Python Web刮板-尝试让程序在一个特定位置刮数据，而不是整个页面

提问者：小点点

Python Web刮板-尝试让程序在一个特定位置刮数据，而不是整个页面

我已经浏览了网络，阅读和观看了几个关于如何解决我的问题的在线指南，但我被卡住了，希望得到一些投入。我正在尝试建立一个网站刮刮器，将从路透社的并购交易部分刮刮，并成功地编写了一个程序，可以刮刮标题，摘要，日期，和文章的链接。然而，我试图解决的问题是，我希望程序只从标题/文章中刮取摘要，这些标题/文章位于合并和收购栏的正下方。当前的程序正在刮取它看到的所有标记为“文章”和属性/类为“故事”的标题，因此，不仅刮取合并和收购栏目的标题，而且刮取市场新闻栏目的标题。

当bot开始从市场新闻栏中抓取标题时，我不断地得到属性错误，因为市场新闻栏没有任何摘要，因此没有文本可拉，导致我的代码终止。我试图用try/except逻辑路径来解决这个问题，认为它不会从市场新闻栏中拉出头条，但是代码一直拉出头条。

我试着写了一段新的代码，告诉程序不是寻找所有带有文章的标签，而是寻找所有带有文章的标签，我认为如果我给bot一个更直接的路径，它就会从自上而下的方法中抓取文章。然而，这失败了，现在我的头只是痛。
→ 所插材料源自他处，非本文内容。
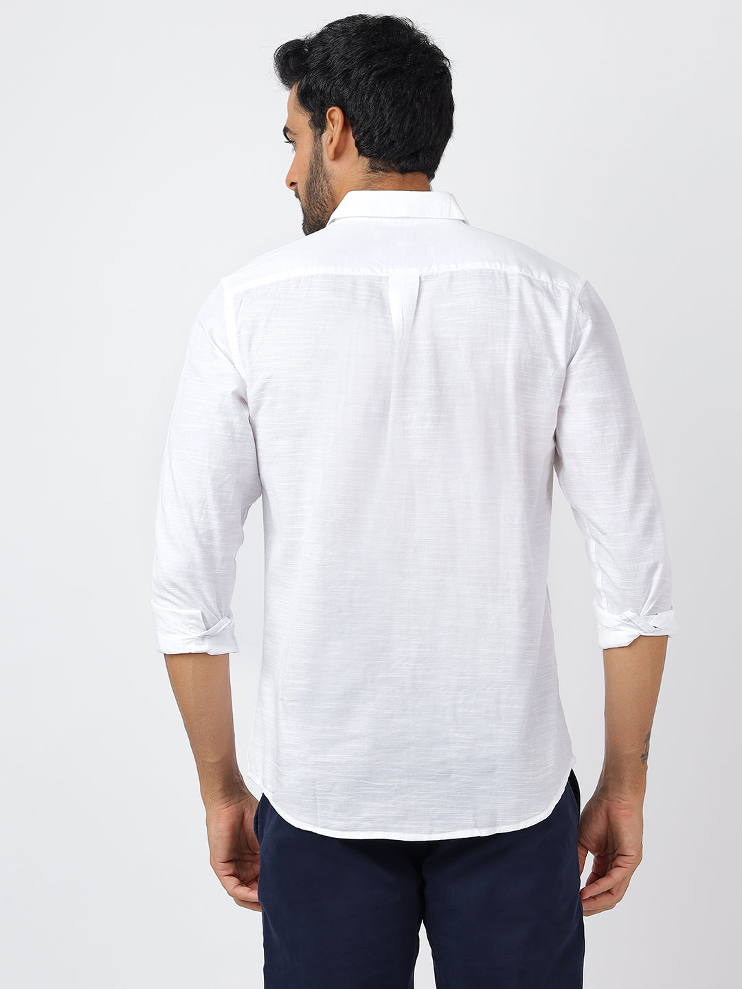 This sophisticated white long-sleeve shirt, crafted from 100% cotton slub twill, delivers exceptional comfort and breathability through its premium export-grade fabric. Its clean, minimalist design is perfect for both formal work environments and elegant evening affairs, making it a must-have for a polished and adaptable wardrobe.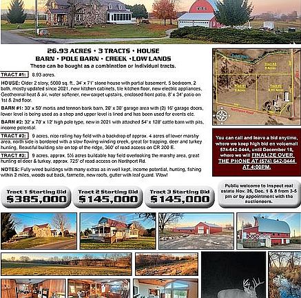 Beatiful, Quiet property with 26.93 Acres to fulfill all your wildest dreams! The sky is the limit with this beautiful property from hosting events/weddings in the beautiful bank barn, to having your own farmet, or hunting right on your own property along Buker Ditch!

提前谢谢大家！

下面是我的代码：

from bs4 import BeautifulSoup
import requests

website = 'https://www.reuters.com/finance/deals/mergers'
source = requests.get(website).text
soup = BeautifulSoup(source, 'lxml')

for article in soup.find_all('article'):
    headline = article.div.a.h3.text.strip()
    #threw in strip() to fix the issue of a bunch of space being printed before the headline title.
    print(headline+ "\n")

    date = article.find("span",class_ = 'timestamp').text
    print(date)

    try: #Put in Try/Except logic to keep the code going
        summary = article.find("div", class_="story-content").p.text
        print(summary + "\n")
        link = article.find('div', class_='story-content').a['href']
        #this bit [href] is the syntax needed for me to pull out the URL from the html code
        origin = "https://www.reuters.com/finance/deals/mergers"
        print(origin + link + "\n")
    except Exception as e:
        summary = None
        link = None

    #This section here is another part I'm working on to get the scraper to go to
    #the next page and continue scraping for headlines, dates, summaries, and links
    next_page = soup.find('a', class_='control-nav-next')["href"]
    source = requests.get(website + next_page).text
    soup = BeautifulSoup(source, 'lxml')

共1个答案

匿名用户

仅更改此行：

for article in soup.select('div[class="column1 col col-10"] article'):

使用此语法，.select（）查找下面的所有article标记，它包含您感兴趣的头，而不是其他头。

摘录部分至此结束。